__How to complete this task__
All of the data should be copied exactly, with the pictures left out.

Extracted entries Start Marker

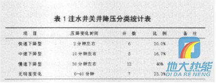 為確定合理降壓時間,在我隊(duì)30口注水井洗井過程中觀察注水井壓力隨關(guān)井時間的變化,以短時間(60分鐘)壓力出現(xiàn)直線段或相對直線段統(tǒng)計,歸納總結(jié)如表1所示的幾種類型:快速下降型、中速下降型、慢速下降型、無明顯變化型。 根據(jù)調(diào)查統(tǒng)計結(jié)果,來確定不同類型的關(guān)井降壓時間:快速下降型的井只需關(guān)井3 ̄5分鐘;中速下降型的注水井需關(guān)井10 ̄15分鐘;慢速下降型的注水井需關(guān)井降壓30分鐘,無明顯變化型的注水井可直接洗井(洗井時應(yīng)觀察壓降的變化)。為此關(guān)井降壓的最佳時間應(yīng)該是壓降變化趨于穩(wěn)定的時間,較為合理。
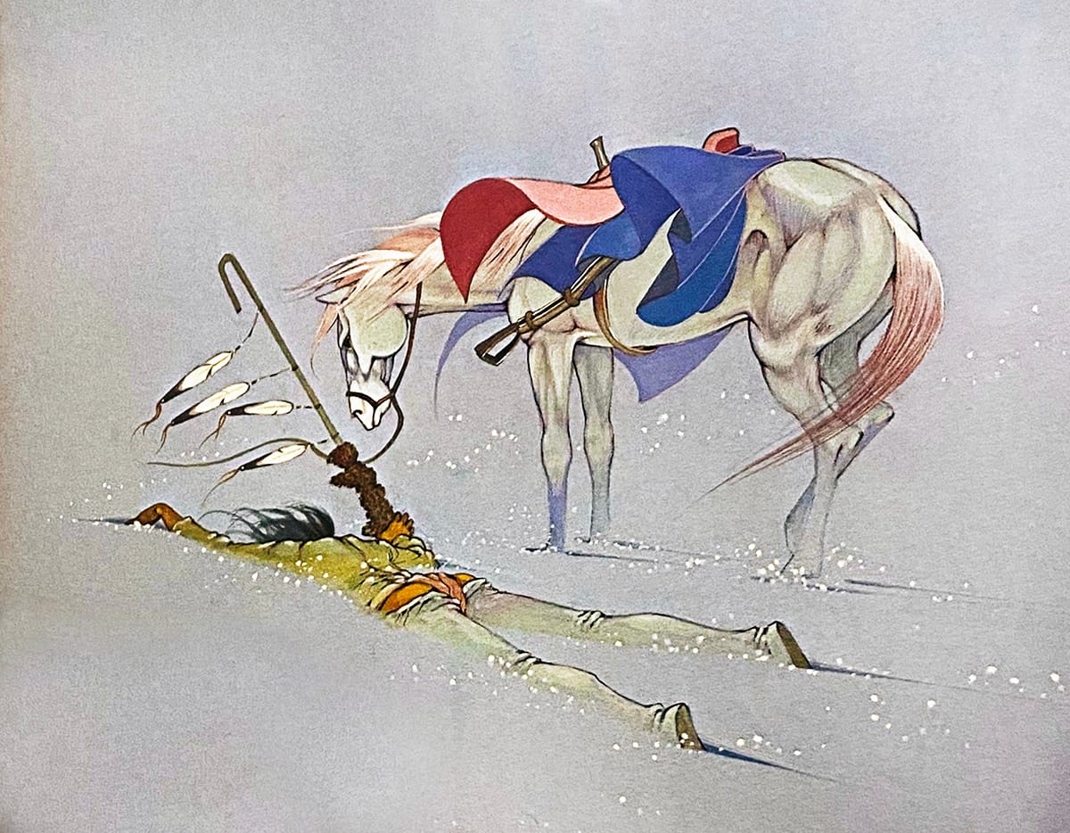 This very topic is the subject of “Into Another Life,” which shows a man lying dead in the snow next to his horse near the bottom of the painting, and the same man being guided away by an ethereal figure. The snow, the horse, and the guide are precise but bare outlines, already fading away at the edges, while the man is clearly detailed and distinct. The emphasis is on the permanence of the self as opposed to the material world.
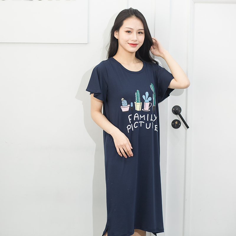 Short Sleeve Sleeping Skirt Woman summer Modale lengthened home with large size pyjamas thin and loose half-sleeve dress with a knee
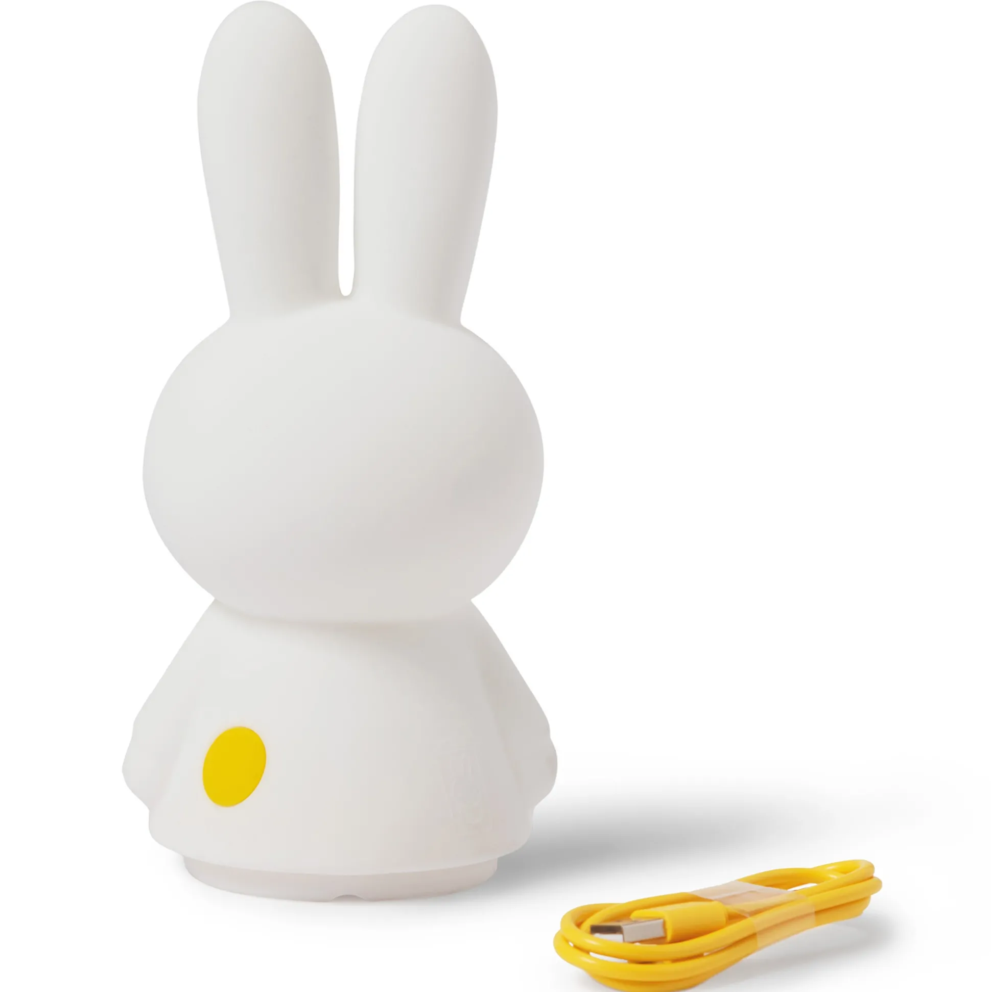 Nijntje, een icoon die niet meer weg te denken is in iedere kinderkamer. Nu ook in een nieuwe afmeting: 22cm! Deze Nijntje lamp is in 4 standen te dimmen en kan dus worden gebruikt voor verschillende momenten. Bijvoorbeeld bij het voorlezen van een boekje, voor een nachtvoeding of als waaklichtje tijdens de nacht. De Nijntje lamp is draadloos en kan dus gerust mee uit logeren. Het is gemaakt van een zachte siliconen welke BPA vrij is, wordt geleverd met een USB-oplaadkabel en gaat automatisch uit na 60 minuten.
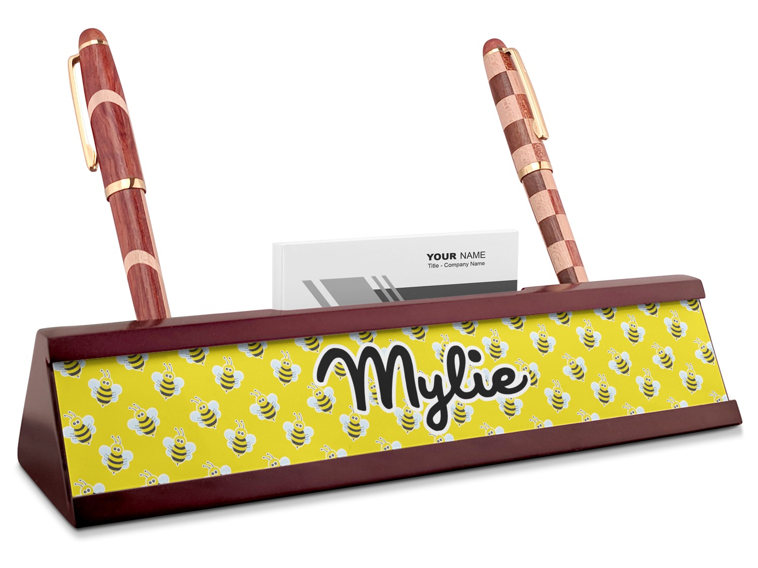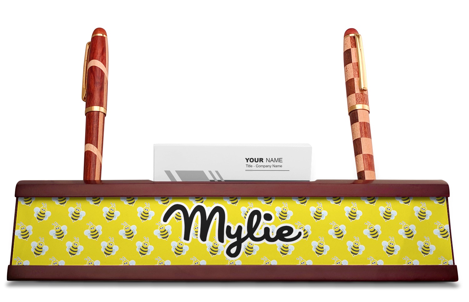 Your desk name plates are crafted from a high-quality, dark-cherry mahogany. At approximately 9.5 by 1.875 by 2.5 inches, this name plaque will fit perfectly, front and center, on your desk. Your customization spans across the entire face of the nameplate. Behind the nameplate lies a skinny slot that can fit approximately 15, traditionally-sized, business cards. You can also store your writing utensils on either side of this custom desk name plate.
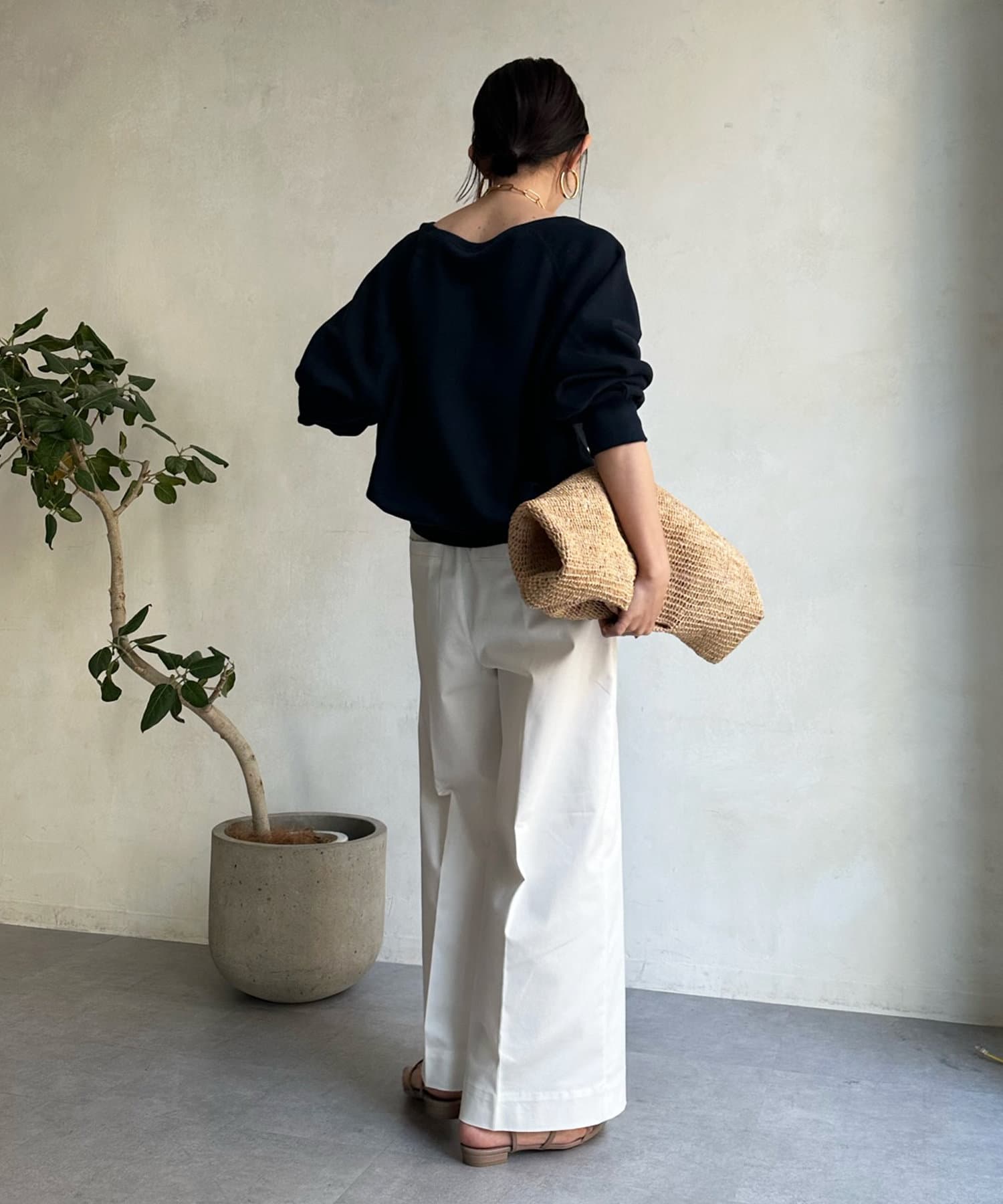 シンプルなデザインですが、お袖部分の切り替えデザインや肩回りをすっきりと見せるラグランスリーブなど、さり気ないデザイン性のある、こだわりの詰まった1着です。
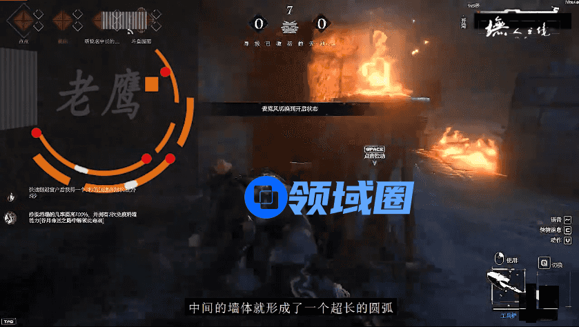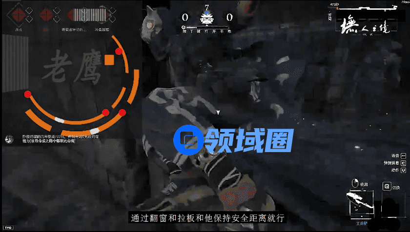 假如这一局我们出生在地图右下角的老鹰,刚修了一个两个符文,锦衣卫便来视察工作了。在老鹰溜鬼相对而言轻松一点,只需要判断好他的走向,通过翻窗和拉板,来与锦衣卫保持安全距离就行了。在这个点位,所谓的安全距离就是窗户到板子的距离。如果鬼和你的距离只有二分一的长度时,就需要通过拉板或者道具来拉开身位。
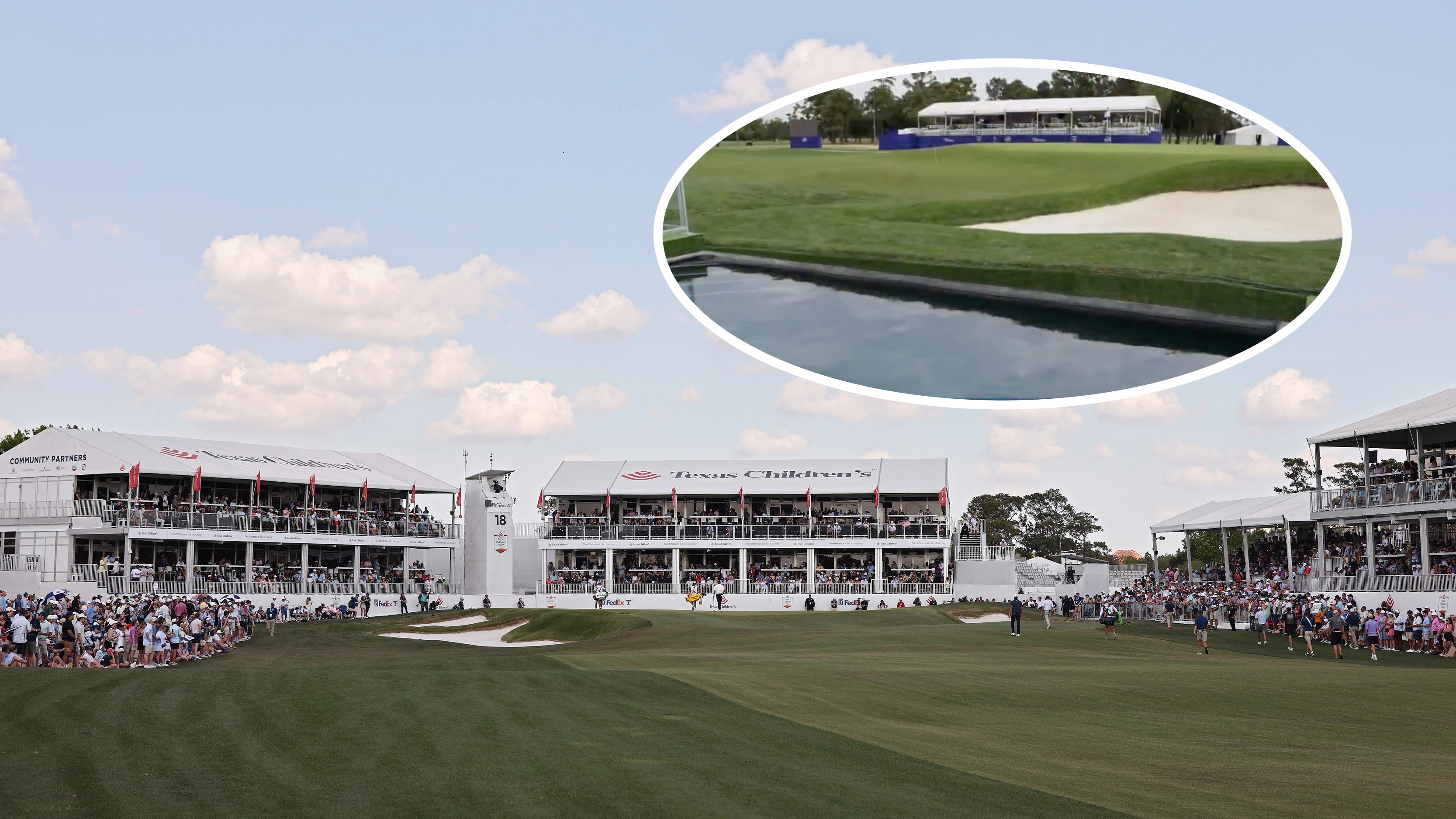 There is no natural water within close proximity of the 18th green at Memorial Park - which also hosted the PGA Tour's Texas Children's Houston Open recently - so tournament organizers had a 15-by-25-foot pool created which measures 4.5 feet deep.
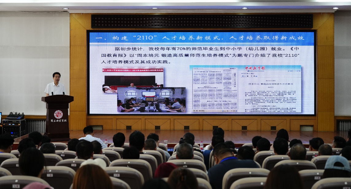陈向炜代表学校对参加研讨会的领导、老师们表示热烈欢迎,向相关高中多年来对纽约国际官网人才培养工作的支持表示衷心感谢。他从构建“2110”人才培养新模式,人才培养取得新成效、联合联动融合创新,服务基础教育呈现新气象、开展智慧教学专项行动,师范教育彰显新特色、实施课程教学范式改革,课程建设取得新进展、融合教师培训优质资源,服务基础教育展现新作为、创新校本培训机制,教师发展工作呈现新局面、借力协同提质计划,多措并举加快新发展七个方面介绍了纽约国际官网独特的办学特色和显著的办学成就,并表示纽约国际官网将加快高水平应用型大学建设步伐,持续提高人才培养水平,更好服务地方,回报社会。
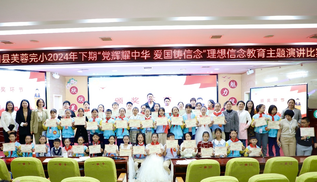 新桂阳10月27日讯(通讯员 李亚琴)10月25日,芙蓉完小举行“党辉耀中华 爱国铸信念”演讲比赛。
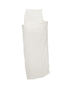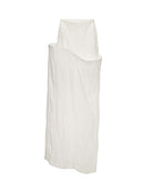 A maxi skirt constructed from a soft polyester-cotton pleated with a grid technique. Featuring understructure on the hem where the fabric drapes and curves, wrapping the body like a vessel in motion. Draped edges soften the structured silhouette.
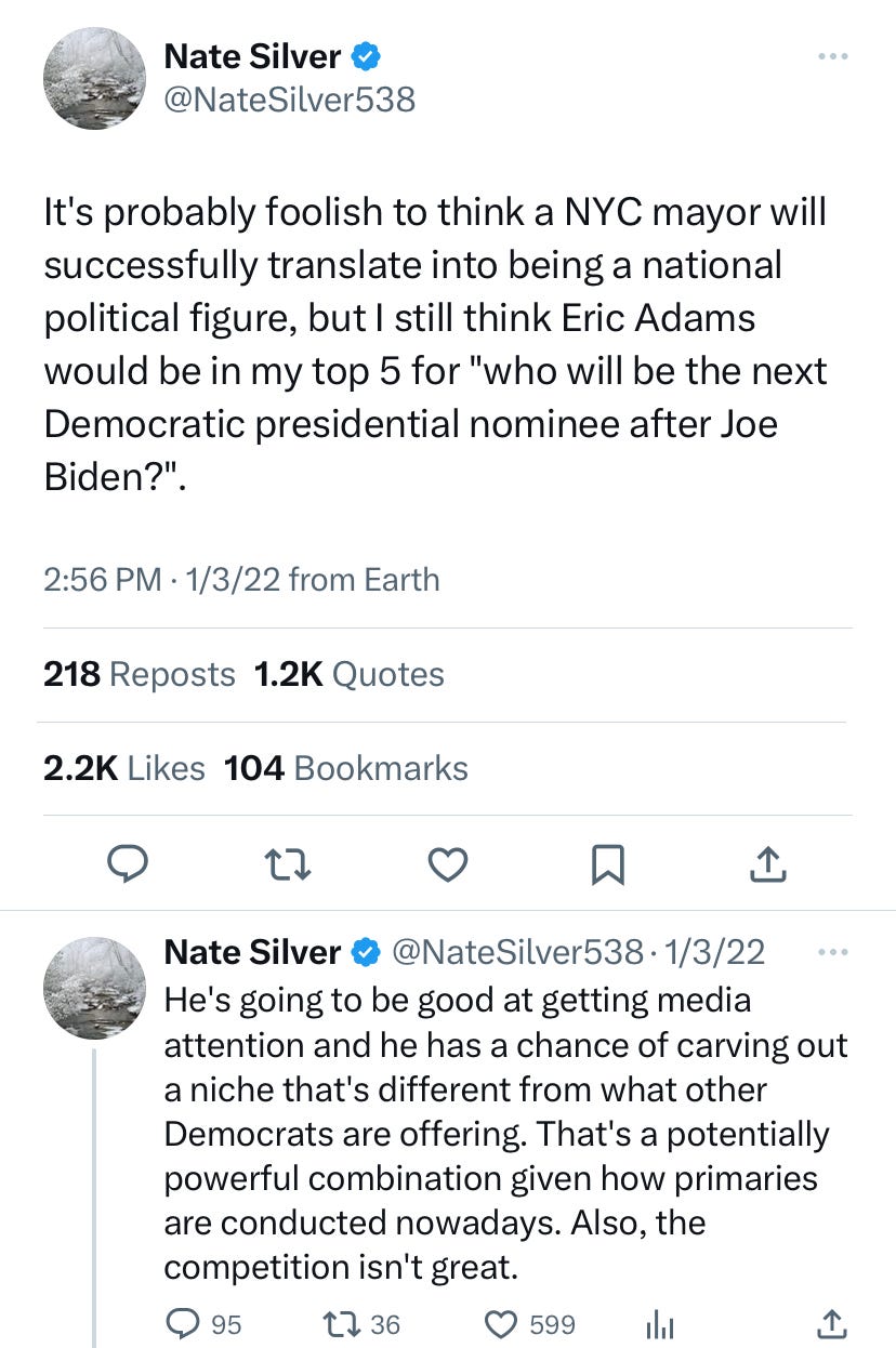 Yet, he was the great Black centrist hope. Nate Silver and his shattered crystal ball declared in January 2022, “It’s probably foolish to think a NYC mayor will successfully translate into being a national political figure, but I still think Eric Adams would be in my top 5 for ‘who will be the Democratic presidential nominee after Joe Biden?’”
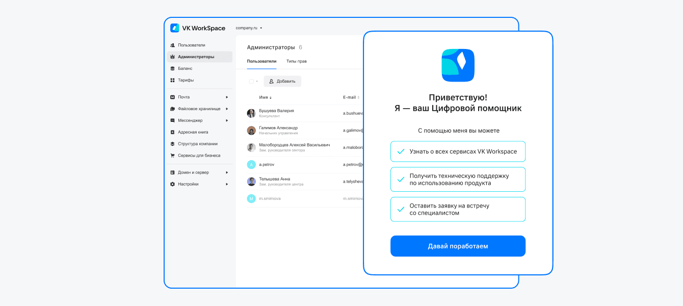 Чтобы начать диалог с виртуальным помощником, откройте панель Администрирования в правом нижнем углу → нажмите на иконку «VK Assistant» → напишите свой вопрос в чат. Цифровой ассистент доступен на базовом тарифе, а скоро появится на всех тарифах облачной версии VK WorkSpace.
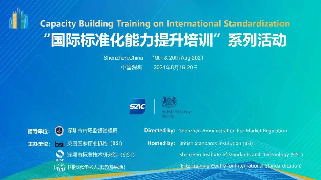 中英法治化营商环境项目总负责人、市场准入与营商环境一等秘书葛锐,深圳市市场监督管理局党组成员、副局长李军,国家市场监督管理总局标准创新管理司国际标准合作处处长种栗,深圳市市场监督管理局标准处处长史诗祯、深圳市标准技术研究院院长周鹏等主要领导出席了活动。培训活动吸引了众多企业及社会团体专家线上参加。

Extracted entries End Marker

__Answer to the exercise__
 為確定合理降壓時間,在我隊(duì)30口注水井洗井過程中觀察注水井壓力隨關(guān)井時間的變化,以短時間(60分鐘)壓力出現(xiàn)直線段或相對直線段統(tǒng)計,歸納總結(jié)如表1所示的幾種類型:快速下降型、中速下降型、慢速下降型、無明顯變化型。 根據(jù)調(diào)查統(tǒng)計結(jié)果,來確定不同類型的關(guān)井降壓時間:快速下降型的井只需關(guān)井3 ̄5分鐘;中速下降型的注水井需關(guān)井10 ̄15分鐘;慢速下降型的注水井需關(guān)井降壓30分鐘,無明顯變化型的注水井可直接洗井(洗井時應(yīng)觀察壓降的變化)。為此關(guān)井降壓的最佳時間應(yīng)該是壓降變化趨于穩(wěn)定的時間,較為合理。
 This very topic is the subject of “Into Another Life,” which shows a man lying dead in the snow next to his horse near the bottom of the painting, and the same man being guided away by an ethereal figure. The snow, the horse, and the guide are precise but bare outlines, already fading away at the edges, while the man is clearly detailed and distinct. The emphasis is on the permanence of the self as opposed to the material world.
 Short Sleeve Sleeping Skirt Woman summer Modale lengthened home with large size pyjamas thin and loose half-sleeve dress with a knee
 Nijntje, een icoon die niet meer weg te denken is in iedere kinderkamer. Nu ook in een nieuwe afmeting: 22cm! Deze Nijntje lamp is in 4 standen te dimmen en kan dus worden gebruikt voor verschillende momenten. Bijvoorbeeld bij het voorlezen van een boekje, voor een nachtvoeding of als waaklichtje tijdens de nacht. De Nijntje lamp is draadloos en kan dus gerust mee uit logeren. Het is gemaakt van een zachte siliconen welke BPA vrij is, wordt geleverd met een USB-oplaadkabel en gaat automatisch uit na 60 minuten.
 Your desk name plates are crafted from a high-quality, dark-cherry mahogany. At approximately 9.5 by 1.875 by 2.5 inches, this name plaque will fit perfectly, front and center, on your desk. Your customization spans across the entire face of the nameplate. Behind the nameplate lies a skinny slot that can fit approximately 15, traditionally-sized, business cards. You can also store your writing utensils on either side of this custom desk name plate.
 シンプルなデザインですが、お袖部分の切り替えデザインや肩回りをすっきりと見せるラグランスリーブなど、さり気ないデザイン性のある、こだわりの詰まった1着です。
 假如这一局我们出生在地图右下角的老鹰,刚修了一个两个符文,锦衣卫便来视察工作了。在老鹰溜鬼相对而言轻松一点,只需要判断好他的走向,通过翻窗和拉板,来与锦衣卫保持安全距离就行了。在这个点位,所谓的安全距离就是窗户到板子的距离。如果鬼和你的距离只有二分一的长度时,就需要通过拉板或者道具来拉开身位。
 There is no natural water within close proximity of the 18th green at Memorial Park - which also hosted the PGA Tour's Texas Children's Houston Open recently - so tournament organizers had a 15-by-25-foot pool created which measures 4.5 feet deep.
陈向炜代表学校对参加研讨会的领导、老师们表示热烈欢迎,向相关高中多年来对纽约国际官网人才培养工作的支持表示衷心感谢。他从构建“2110”人才培养新模式,人才培养取得新成效、联合联动融合创新,服务基础教育呈现新气象、开展智慧教学专项行动,师范教育彰显新特色、实施课程教学范式改革,课程建设取得新进展、融合教师培训优质资源,服务基础教育展现新作为、创新校本培训机制,教师发展工作呈现新局面、借力协同提质计划,多措并举加快新发展七个方面介绍了纽约国际官网独特的办学特色和显著的办学成就,并表示纽约国际官网将加快高水平应用型大学建设步伐,持续提高人才培养水平,更好服务地方,回报社会。
 新桂阳10月27日讯(通讯员 李亚琴)10月25日,芙蓉完小举行“党辉耀中华 爱国铸信念”演讲比赛。
 A maxi skirt constructed from a soft polyester-cotton pleated with a grid technique. Featuring understructure on the hem where the fabric drapes and curves, wrapping the body like a vessel in motion. Draped edges soften the structured silhouette.
 Yet, he was the great Black centrist hope. Nate Silver and his shattered crystal ball declared in January 2022, “It’s probably foolish to think a NYC mayor will successfully translate into being a national political figure, but I still think Eric Adams would be in my top 5 for ‘who will be the Democratic presidential nominee after Joe Biden?’”
 Чтобы начать диалог с виртуальным помощником, откройте панель Администрирования в правом нижнем углу → нажмите на иконку «VK Assistant» → напишите свой вопрос в чат. Цифровой ассистент доступен на базовом тарифе, а скоро появится на всех тарифах облачной версии VK WorkSpace.
 中英法治化营商环境项目总负责人、市场准入与营商环境一等秘书葛锐,深圳市市场监督管理局党组成员、副局长李军,国家市场监督管理总局标准创新管理司国际标准合作处处长种栗,深圳市市场监督管理局标准处处长史诗祯、深圳市标准技术研究院院长周鹏等主要领导出席了活动。培训活动吸引了众多企业及社会团体专家线上参加。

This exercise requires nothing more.